It seems that I can memmap the underlying data for a python series by creating a mmap'd ndarray and using it to initialize the Series.
def assert_readonly(iloc):
try:
iloc[0] = 999 # Should be non-editable
raise Exception("MUST BE READ ONLY (1)")
except ValueError as e:
assert "read-only" in e.message
# Original ndarray
n = 1000
_arr = np.arange(0,1000, dtype=float)
# Convert it to a memmap
mm = np.memmap(filename, mode='w+', shape=_arr.shape, dtype=_arr.dtype)
mm[:] = _arr[:]
del _arr
mm.flush()
mm.flags['WRITEABLE'] = False # Make immutable!
# Wrap as a series
s = pd.Series(mm, name="a")
assert_readonly(s.iloc)
Success! Its seems that s is backed by a read-only mem-mapped ndarray.

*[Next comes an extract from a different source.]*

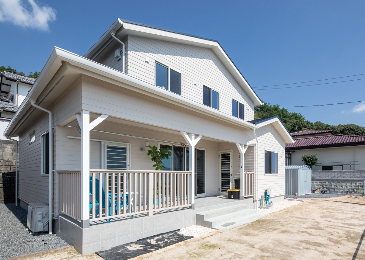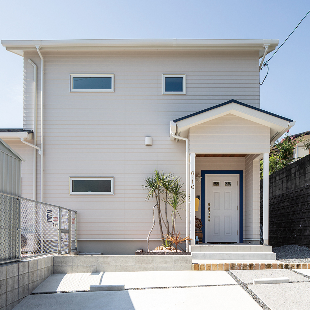 瀬戸内海を見下ろす高台に建つ白い家は、Eさん夫妻の温めていたイメージがかたちになったカリフォルニアスタイルの住まいです。切妻屋根の破風、ラップ調サイディング、屋根・フェンスの付いたテラス、窓サッシも白色。一方、室内には白を基調としながら、木のナチュラルな風合いを楽しめる無垢材を多用。外・内観ともに明るくさわやかなリゾートの趣です。

Can I do the same for a DataFrame? The following fails
df = pd.DataFrame(s, copy=False, columns=['a'])
assert_readonly(df["a"]) # Fails
The following succeeds, but only for one column:
df = pd.DataFrame(mm.reshape(len(mm,1)), columns=['a'], copy=False)
assert_readonly(df["a"]) # Succeeds
... so I can make a DF without copying. However, this only works for one column, and I want many. Method I've found for combining 1-column DFs: pd.concat(..copy=False), pd.merge(copy=False), ... result in copies.
I have some thousands of large columns as datafiles, of which I only ever need a few at a time. I was hoping I'd be able to place their mmap'd representations in a DataFrame as above. Is it possible?
Pandas documentation makes it a little difficult to guess about what's going on under the hood here - although it does say a DataFrame "Can be thought of as a dict-like container for Series objects.". I'm beginning to this this is no longer the case.
I'd prefer not to need HD5 to solve this.